OpenTracing changes this and offers a way to implement distributed tracing with NATS that aligns with our goals and philosophy of simplicity and ease of use and does not require adding dependencies into NATS. This repository provides a reference to facilitate the use of OpenTracing with NATS enabled applications.
OpenTracing provides a non-intrusive vendor-neutral API and instrumentation for distributed tracing, with wide language support. Because each use case is slightly different, we've decided not to provide specific implementations at this point. Instead we are providing a reference architecture with examples demonstrating easy usage of OpenTracing with NATS. In line with other NATS projects, these canonical examples are provided in Go, but this approach should port smoothly into many other languages. More language examples will be added soon.

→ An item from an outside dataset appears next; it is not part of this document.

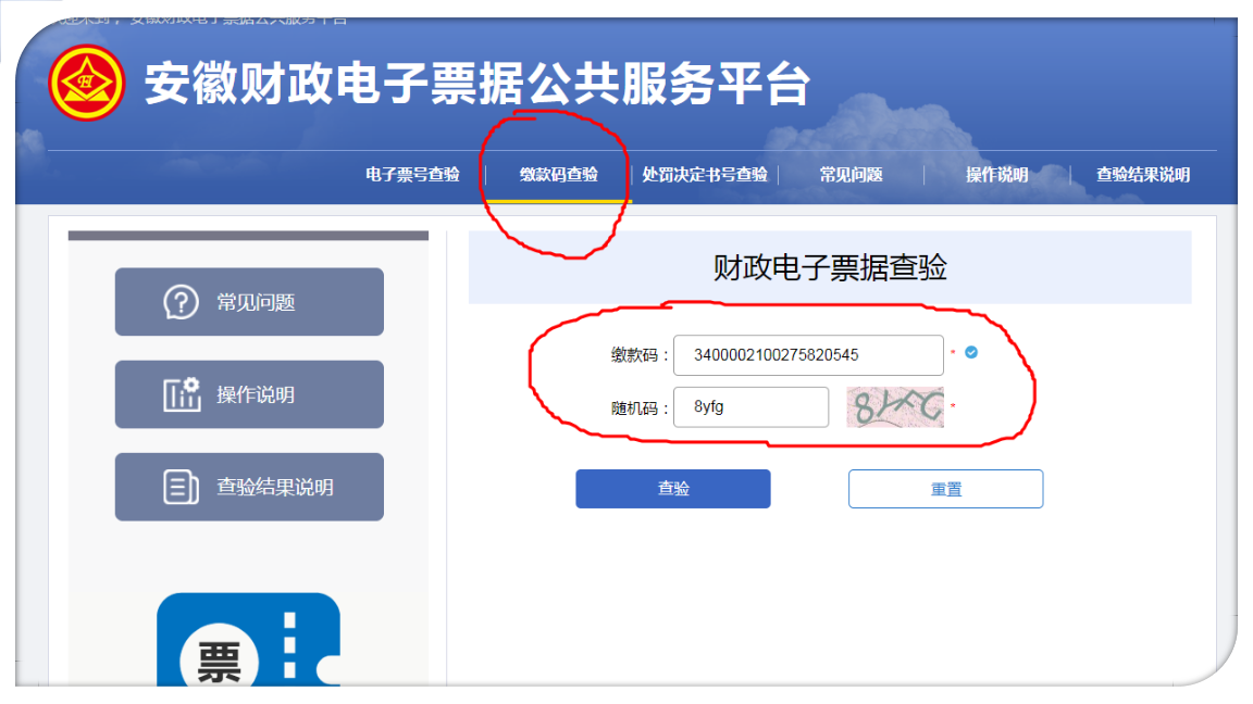 6.进入安徽财政电子票据公共服务平台后,选择“缴款码查验”,输入“缴款码”,和“随机码”,点击“查验”按钮。

OpenTracing is actually fairly simple to implement in an applicaton. A "Trace" is defined, and then sets up "spans" to represent an operation or event and log information, which is reported to the OpenTracing aggregator for reporting and display.

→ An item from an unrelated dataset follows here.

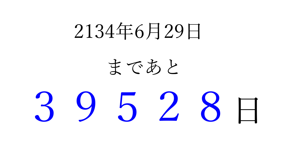 2134年6月29日(火)まで あと 99999 日です 追加すると、トップページからすぐ選べるようになります ※2026/04/08現在の結果です。 最新の状態に更新する ↓シェアして、タイムライン上にカウントダウンを表示しよう!↓ 📤 この結果を共有する Tweet シェア Threads Bluesky 別の日付でカウントダウン 2134年6月のカレンダー このページをブックマークに追加すると、いつでもカウントダウンを確認できます。 (PC: Ctrl+D / Mac: ⌘+D) hitome-notes.comでは以下のページも運営しています。 指定日と期間から日付を計算 | ガチャ確率計算・シミュレーション | プライバシー・ポリシー 運営者:Avocado
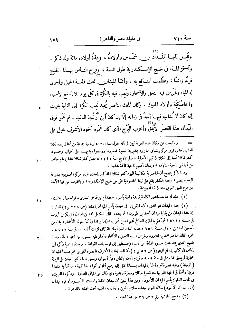 واستمرّ الماء فى خليج الإسكندرية طول السنة، وفرح الناس بهذا الخليج فرحا زائدا، وعظمت المنافع به. وأنشأ الميدان «2» تحت قلعة الجبل وأجرى له المياه وغرس فيه النخل والأشجار، ولعب فيه بالكرة فى كلّ يوم ثلاثاء مع الأمراء والخاصّكيّة وأولاد الملوك. وكان الملك الناصر يجيد لعب الكرة إلى الغاية بحيث إنه كان لا يدانيه فيها أحد فى زمانه إلّا إن كان ابن أرغون النائب. ثم عمّر فوق الميدان هذا القصر الأبلق «3» وأخرب البرج الذي كان عمّره أخوه الأشرف خليل على

To propogate, span contexts are serialized into a NATS message using the
binary format. We provide a Not
class which will do what is needed to
inject span contexts
into messages and to extract them on the other side.
Using the API is relatively simple, and the same steps are taken in sending or receiving data regardless of which message pattern is used.
After establishing an opentracing tracer, span, and span context, simply
pass the payload into the static Not.encode
function. Not.encode
will
encode the payload to be a payload traceable by by the Jaeger Open Tracing
system.
Tracer tracer = Not.initTracing("Your sending service");
Connection nc = Nats.connect("demo.nats.io");
Span span = tracer.buildSpan("Send Data").withTag("type", "sender").start();
SpanContext spanContext = span.context();
// Encode the message with trace data before sending
nc.publish(subject, Not.encode(tracer, spanContext,
message.getBytes(StandardCharsets.UTF_8)));
span.finish();
When receiving a message, generate a TraceMessage
from Not.decode
. You can
use this as a regular NATS message, except there is another API to get the
span context. If TraceMessage.getSpanContext()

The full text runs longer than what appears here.